2. `lxml.etree` provides a parseId that returns a tuple (ElementTree, IDDict) where the IDDict returns a nice dictionary containing all `@xml:id`s.
3. The best way from there was to check for all w inside. But div could have both seg, and head. Note sure I did not collide with anything else (small checks are in place)

In [65]:
# In the original file, xml:id="edfr20125_genNotes" is duplicated.
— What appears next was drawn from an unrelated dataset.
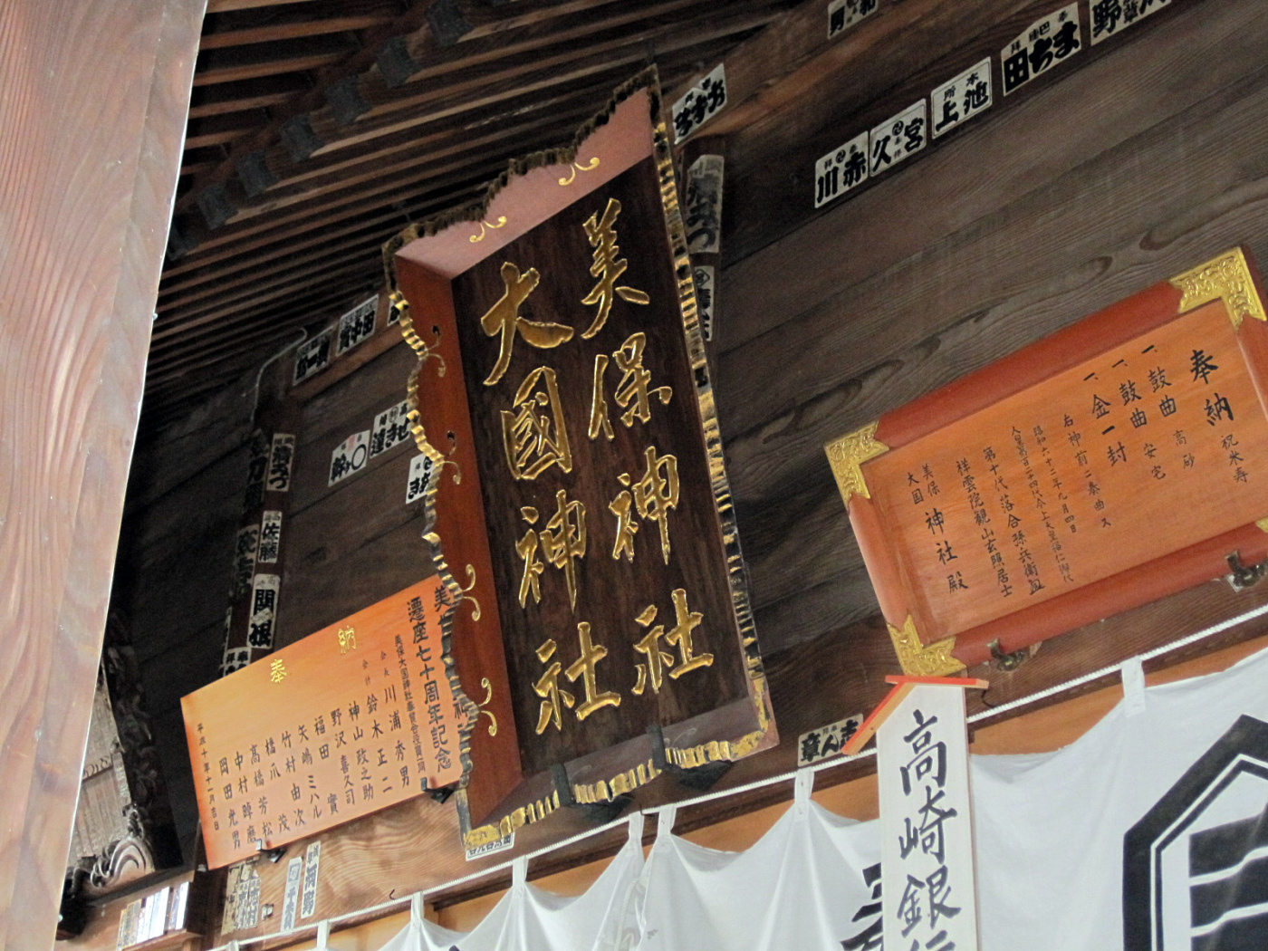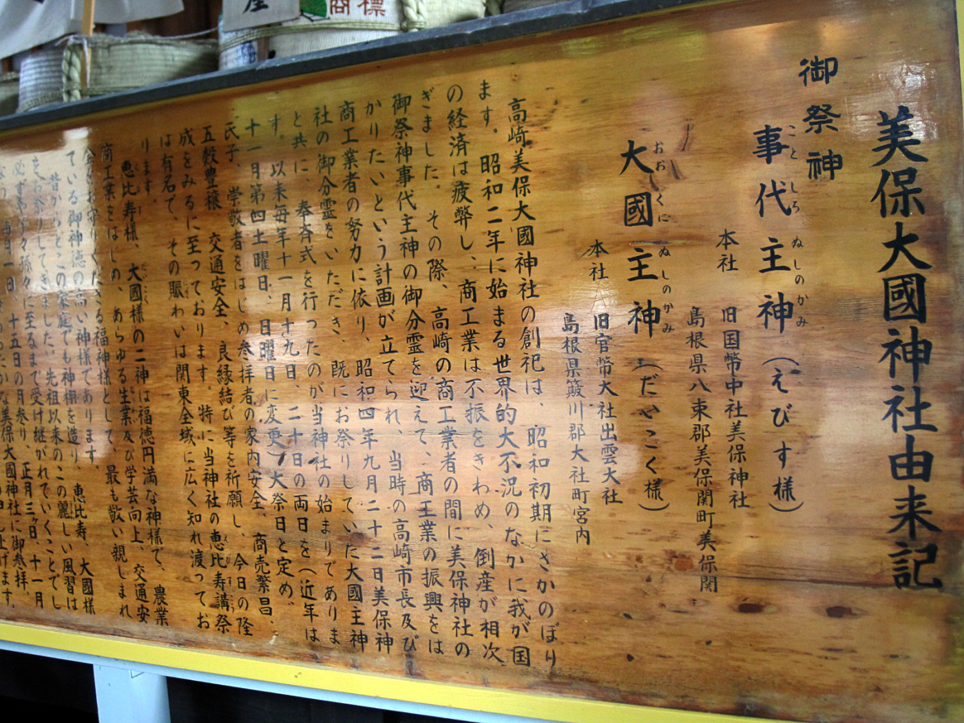 【事代主神と大国主神を祀る。昭和4 年(1929 年)、折からの世界的大不況のなかで苦しんでいた高崎市内の商工業者が、事代主神を迎えて商工業の振興を図りたいと、同年9月22日に島根県の美保神社から分霊を勧請し、大国主神と共に祀ったのを始めとする。例年11月の第4土曜日と翌日曜日を美保大國神社の例祭日とする。】です。

The second was updated as "edfr20125_genNotes2"
Global_Dict = defaultdict(dict)
with open("3_TVOF_Fr20125_tokenised_1.0.xml") as f:
    FR20125, FR20125_Dict = ET.parseid(f)
    for location_id in tqdm.tqdm(FR20125_Dict):
        location = FR20125_Dict[location_id]
        if location.tag == "{http://www.tei-c.org/ns/1.0}div" and location.attrib["type"] != "note":
            for w in location.xpath(
                "./tei:head//tei:w[@n]",
                namespaces={"tei": "http://www.tei-c.org/ns/1.0"}
            ):
                if w.attrib["n"] in Global_Dict[location_id]:
                    print(f"{w.attrib['n']} already in {location_id}")
                Global_Dict[location_id][w.attrib["n"]] = w
        elif location.tag == "{http://www.tei-c.org/ns/1.0}div" and location.attrib["type"] == "note":
            continue # Ignore note
        else:
            for w in location.xpath(
                ".//tei:w[@n]",
                namespaces={"tei": "http://www.tei-c.org/ns/1.0"}
            ):
                if w.attrib["n"] in Global_Dict[location_id]:
                    print(f"{w.attrib['n']} already in {location_id}")
                Global_Dict[location_id][w.attrib["n"]] = w
    

100%|██████████| 13756/13756 [00:00<00:00, 14725.14it/s]


In [53]:
with open("4_TVOF_Royal20D1_tokenised_1.0.xml") as f:
    edRoyal, edRoyal_Dict = ET.parseid(f)
    for location_id in tqdm.tqdm(edRoyal_Dict):
        location = edRoyal_Dict[location_id]
        if location.tag == "{http://www.tei-c.org/ns/1.0}div" and location.attrib["type"] != "note":
            for w in location.xpath(
                ".//tei:head//tei:w[@n]",
                namespaces={"tei": "http://www.tei-c.org/ns/1.0"}
            ):
                Global_Dict[location_id][w.attrib["n"]] = w
        else:
            for w in location.xpath(
                ".//tei:w[@n]",
                namespaces={"tei": "http://www.tei-c.org/ns/1.0"}
            ):
                Global_Dict[location_id][w.attrib["n"]] = w

100%|██████████| 15613/15613 [00:00<00:00, 24248.21it/s]


In [None]:
Global_Dict  = edRoyal_BetterDict + FR20125_BetterDict

In [55]:
xpath = len(KWIC.xpath("//item"))

for data in tqdm.tqdm(KWIC.xpath("//item")):
    location = data.attrib["location"]
    n = data.attrib["n"]
    
    try:
        w = Global_Dict[location][n]
        w.attrib["lemma"] = data.attrib.get("lemma", "")
        w.attrib["pos"] = data.attrib.get("lemmaPos", data.attrib.get("pos", ""))
        w.attrib["ana"] = data.attrib.get("sp", "")
    except KeyError:
        print(f"[FR] ERROR ON {title} : {ET.tostring(data, encoding=str)}")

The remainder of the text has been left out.